Only a tiny fraction of 1% of the Differin applied to skin ever reaches the bloodstream. Differin has no systemic effects. Unlike the related drugs Accutane and Retin-A, women who are pregnant or who could become pregnant can use Differin safely. That does not mean, however, that Differin never causes side effects.
- Between 10% and 40% of Differin users develop itching serious enough to make them stop using the medication.
- Between 10% and 40% of Differin users develop scaling requiring use of exfoliants such as glycolic acid and salicylic acid to restore the smooth texture of the skin.
- Between 10% and 40% of Differin users develop burning sensations serious enough to make them stop using the medication.
And in about 1% of users, Differin causes a sudden flare-up that worsens existing acne. But the benefits of Differin almost always outweigh the side effects.
Clinical testing has shown that the side effects of Differin are no worse in people who have brown or black skin that they are for people who have fair or Asian skin. Unlike most treatments for acne, Differin makes the skin less sensitive to sunburn rather than more sensitive to sunburn. Differin also interferes with the ability of acne bacteria to release “chemotactins” that redirect the inflammatory effects of the immune system away from themselves and onto healthy skin.
How Well Does Differin Work for Controlling Acne?
In a study of 571 acne patients in India who used Differin for mild to moderate acne:
- Only 24% reported side effects similar to those mentioned above.
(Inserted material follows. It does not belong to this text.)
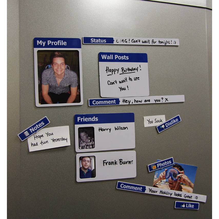 - Wipe-clean fridge magnets designed to look like a social networking homepage

- 96% noted some improvement in their acne.
- 75% showed at least a 2/3 reduction in pimples, blackheads, and whiteheads after 12 weeks of use.
Many doctors recommend combining Differin with other treatments to make it even more useful for fighting acne. The largest number of users of Differin take Adelene, the combination of adapalene and clindamycin. The combination of Differin and the antibiotic clindamycin helps the skin absorb about twice as much clindamycin, killing far more acne bacteria. A study that will be released in December 2011 in the American Journal of Clinical Dermatology will report that this product offers a fast onset in action—usually 1/3 of blemishes disappear during the first week—and better final control of acne.
Differin is also used with 2.5% benzoyl peroxide gel. A stronger concentration of benzoyl peroxide used with Differin is likely to cause more burning, stinging, itching, and peeling than most users will be will to put up with. But using just 2.5% benzoyl peroxide with Differin, a study in the Journal of Clinical and Aesthetic Dermatology reported, is enough to keep antibiotic-resistant bacteria in check.
There are also doctors who recommend using both Differin and Retin-A. While this combination opens the skin, it can also cause dryness, so that there are always a small number of newly forming blemishes—unless the user follows a complete skin care routine including daily cleansing and use of moisturizer plus weekly exfoliation and microdermabrasion with a system like Exposed Skin Care.
An Additional Use for Differin
Although American dermatologists usually prescribe Differin for active acne that is causing the formation of whiteheads, blackheads, and pimples, dermatologists in Europe usually prescribe Differin for treating melasma, or brown spots, left behind when pimples heal. If you are not getting the results you want from Renova or 0.05% tretinoin topical, ask your doctor about 0.1% Differin for safely lightening your skin.